Why Did it Have to be. . . Guns?

Submitted by Bill St. Clair on Sun, 14 Jan 2007 10:40:12 GMT  <== Politics ==> 

L. Neil Smith at The Libertarian Enterprise - Neil's classic essay on why he stresses politicians' opinions about guns. [tle]

People accuse me of being a single-issue writer, a single- issue thinker, and a single- issue voter, but it isn't true. What I've chosen, in a world where there's never enough time and energy, is to focus on the one political issue which most clearly and unmistakably demonstrates what any politician--or political philosophy--is made of, right down to the creamy liquid center.

Make no mistake: all politicians--even those ostensibly on the side of guns and gun ownership--hate the issue and anyone, like me, who insists on bringing it up. They hate it because it's an X-ray machine. It's a Vulcan mind-meld. It's the ultimate test to which any politician--or political philosophy--can be put.

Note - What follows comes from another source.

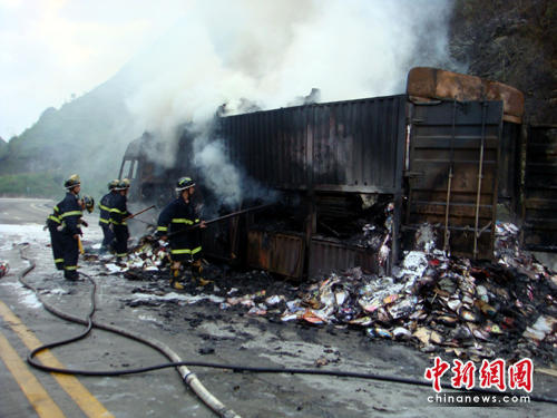 接到报警后,河池金城江消防大队立即出动2台消防车、12名官兵赶赴现场处置。由于事发地点较远,消防官兵赶到现场时,起火车辆的火势已十分猛烈,火焰将整车包围。消防官兵随即展开了扑救。由于火势过猛,且车内满载大量杀虫水、油漆和木板等可燃物,使得灭火用水消耗极大,加之周边无可取水源,灭火过程中,消防官兵只能数次往返数十公里外取水,灭火工作也被迫进入僵局。
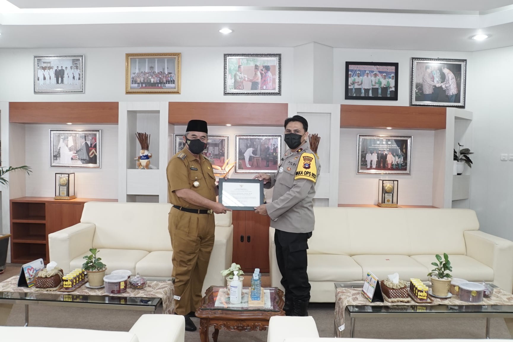 Pada kesempatan ini, diserahkan piagam penghargaan dari Bupati HSS kepada Wakapolres HSS Kompol Reinaldo, S.Kom, M.AP atas kerjasama dan pengabdian serta telah membantu menciptakan suasana keamanan yang tertib dan kondusif di Kabupaten HSS.

If a politician isn't perfectly comfortable with the idea of his average constituent, any man, woman, or responsible child, walking into a hardware store and paying cash--for any rifle, shotgun, handgun, machinegun, anything--without producing ID or signing one scrap of paper, he isn't your friend no matter what he tells you.

If he isn't genuinely enthusiastic about his average constituent stuffing that weapon into a purse or pocket or tucking it under a coat and walking home without asking anybody's permission, he's a four-flusher, no matter what he claims.

What his attitude--toward your ownership and use of weapons--conveys is his real attitude about you. And if he doesn't trust you, then why in the name of John Moses Browning should you trust him?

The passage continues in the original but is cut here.